WHAT YOU NEED TO DO:
Repeat, exactly as written, all of the entries, but not their pictures.

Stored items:

#####

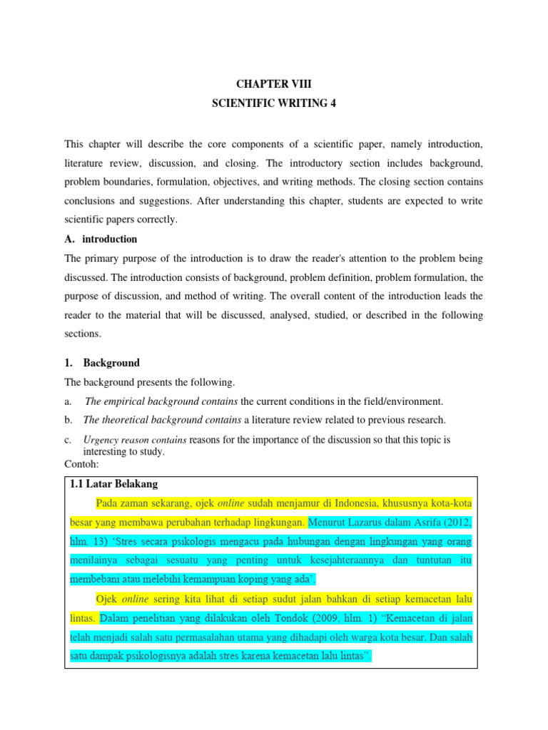 This chapter will describe the core components of a scientific paper, namely introduction,
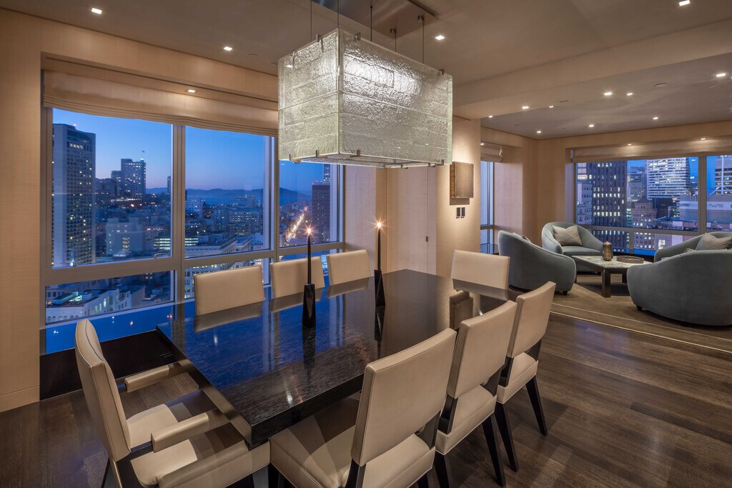 Created over the course of four years, designed and constructed with an unparalleled attention to detail, Residence 32CD at the Four Seasons Private Residences in San Francisco was designed for the most discriminating of owners.Presenting an unparalleled opportunity to acquire an asset totally re-invented and finished beyond the highest imaginable standard, Residence 32CD comprises a living/dining area, a superbly equipped Miele kitchen, a sensuous master suite, an office, an en-suite guest bedroom, a home theater, an additional bath and powder bath, plus a laundry room – all with access to all the amenities available to a select group of owners of the Four Seasons Private Residences.As in the Gulfstream G650 or a Perini Navi yacht, every aspect of this luxurious residence was deliberately designed or chosen to be uniquely the best. A serenely composed collection of spaces incorporating astounding construction and technological values, Residence 32CD was originally two apartments, joined under a plan conceived by San Francisco architect Fu-Tung Chang and brought to final fruition by the globally recognized interior design and architecture firm ODADA. Essentially a new structure within the original hi-rise volumes, the complete reconstruction and soundproofing of the over 3,500 square foot residence was undertaken by Black Mountain Construction &; Development under the guidance of the acoustical management experts at Charles Salter + Associates.One of the most extraordinary aspects of Residence 32CD is the completely soundproofed home theater by Audiovisions– uniquely, a cinema in the sky– incorporating Dolby Atmos, Kaleidescape Entertainment, and Stratus systems for an unparalleled entertainment experience, acoustically isolated from the rest of the condominium. As expected, the technology includes a sophisticated Savant system, the gold standard in home automation, in a project that required hundreds of highly skilled man hours plus a meticulous level of oversight daily– from the client himself, the engineers, the designers and the contractor.Throughout Residence 32CD the ceilings, moldings and light coves are fabricated from tinted, hand-troweled plaster, reviving an ancient Moroccan technique known as Taddekh in the most contemporary way, hand-polished with smooth stones and eliminating the use of paint anywhere in the home.
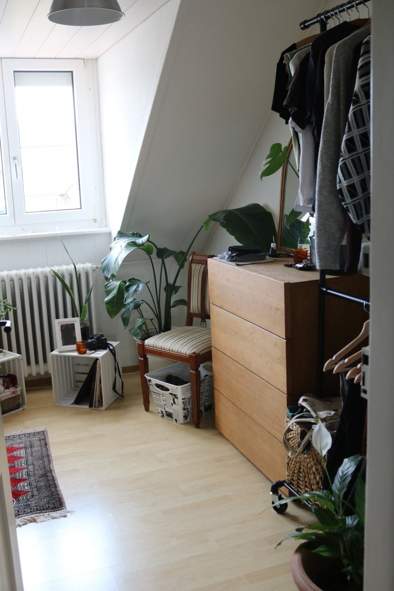Die Wohnung ist gut gelegen, ruhig und hat Altbau-Charme. Sie ist im obersten Stock, dadurch als Dachwohnung auch im Winter sehr sonnig, besonders die zwei grösseren Zimmer auf Süd-West-Seite. Die Fenster bieten Ausblick über die Dachlandschaft der Länggasse. Das grosszügige Entrée ist das Herzstück der Wohnung und es gibt einen praktisch nutzbaren Garderobenbereich im Treppenhaus. Estrich und Reduits bieten viel Stauraum.
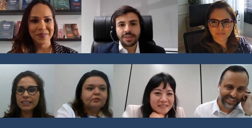 Roberta Aragão prosseguiu delineando os procedimentos de coleta de dados: pesquisa documental, observação direta a creches e escolas (check-list de verificação), verificação da estrutura física das escolas e creches, material pedagógico, oferta da alimentação escolar, condições de transportes escolares, aplicação de questionário virtual com gestores escolares, docentes e profissionais da educação infantil e entrevista com secretários(as) municipais da educação.
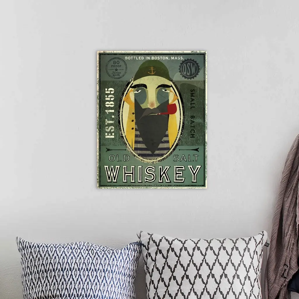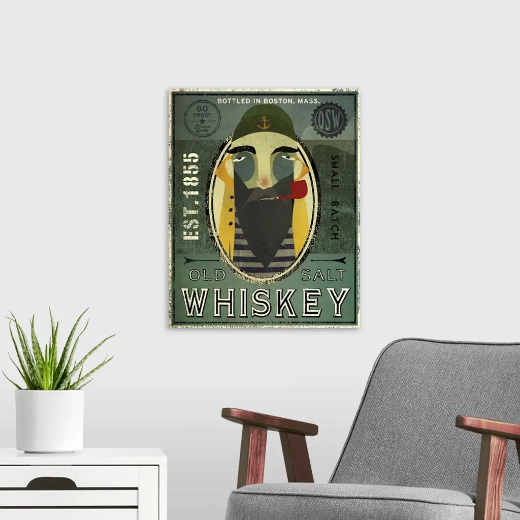 Contemporary artwork of an illustrative fisherman's whisky advertisement.

#####

TASK ANSWER:
 This chapter will describe the core components of a scientific paper, namely introduction,
 Created over the course of four years, designed and constructed with an unparalleled attention to detail, Residence 32CD at the Four Seasons Private Residences in San Francisco was designed for the most discriminating of owners.Presenting an unparalleled opportunity to acquire an asset totally re-invented and finished beyond the highest imaginable standard, Residence 32CD comprises a living/dining area, a superbly equipped Miele kitchen, a sensuous master suite, an office, an en-suite guest bedroom, a home theater, an additional bath and powder bath, plus a laundry room – all with access to all the amenities available to a select group of owners of the Four Seasons Private Residences.As in the Gulfstream G650 or a Perini Navi yacht, every aspect of this luxurious residence was deliberately designed or chosen to be uniquely the best. A serenely composed collection of spaces incorporating astounding construction and technological values, Residence 32CD was originally two apartments, joined under a plan conceived by San Francisco architect Fu-Tung Chang and brought to final fruition by the globally recognized interior design and architecture firm ODADA. Essentially a new structure within the original hi-rise volumes, the complete reconstruction and soundproofing of the over 3,500 square foot residence was undertaken by Black Mountain Construction &; Development under the guidance of the acoustical management experts at Charles Salter + Associates.One of the most extraordinary aspects of Residence 32CD is the completely soundproofed home theater by Audiovisions– uniquely, a cinema in the sky– incorporating Dolby Atmos, Kaleidescape Entertainment, and Stratus systems for an unparalleled entertainment experience, acoustically isolated from the rest of the condominium. As expected, the technology includes a sophisticated Savant system, the gold standard in home automation, in a project that required hundreds of highly skilled man hours plus a meticulous level of oversight daily– from the client himself, the engineers, the designers and the contractor.Throughout Residence 32CD the ceilings, moldings and light coves are fabricated from tinted, hand-troweled plaster, reviving an ancient Moroccan technique known as Taddekh in the most contemporary way, hand-polished with smooth stones and eliminating the use of paint anywhere in the home.
Die Wohnung ist gut gelegen, ruhig und hat Altbau-Charme. Sie ist im obersten Stock, dadurch als Dachwohnung auch im Winter sehr sonnig, besonders die zwei grösseren Zimmer auf Süd-West-Seite. Die Fenster bieten Ausblick über die Dachlandschaft der Länggasse. Das grosszügige Entrée ist das Herzstück der Wohnung und es gibt einen praktisch nutzbaren Garderobenbereich im Treppenhaus. Estrich und Reduits bieten viel Stauraum.
 Roberta Aragão prosseguiu delineando os procedimentos de coleta de dados: pesquisa documental, observação direta a creches e escolas (check-list de verificação), verificação da estrutura física das escolas e creches, material pedagógico, oferta da alimentação escolar, condições de transportes escolares, aplicação de questionário virtual com gestores escolares, docentes e profissionais da educação infantil e entrevista com secretários(as) municipais da educação.
 Contemporary artwork of an illustrative fisherman's whisky advertisement.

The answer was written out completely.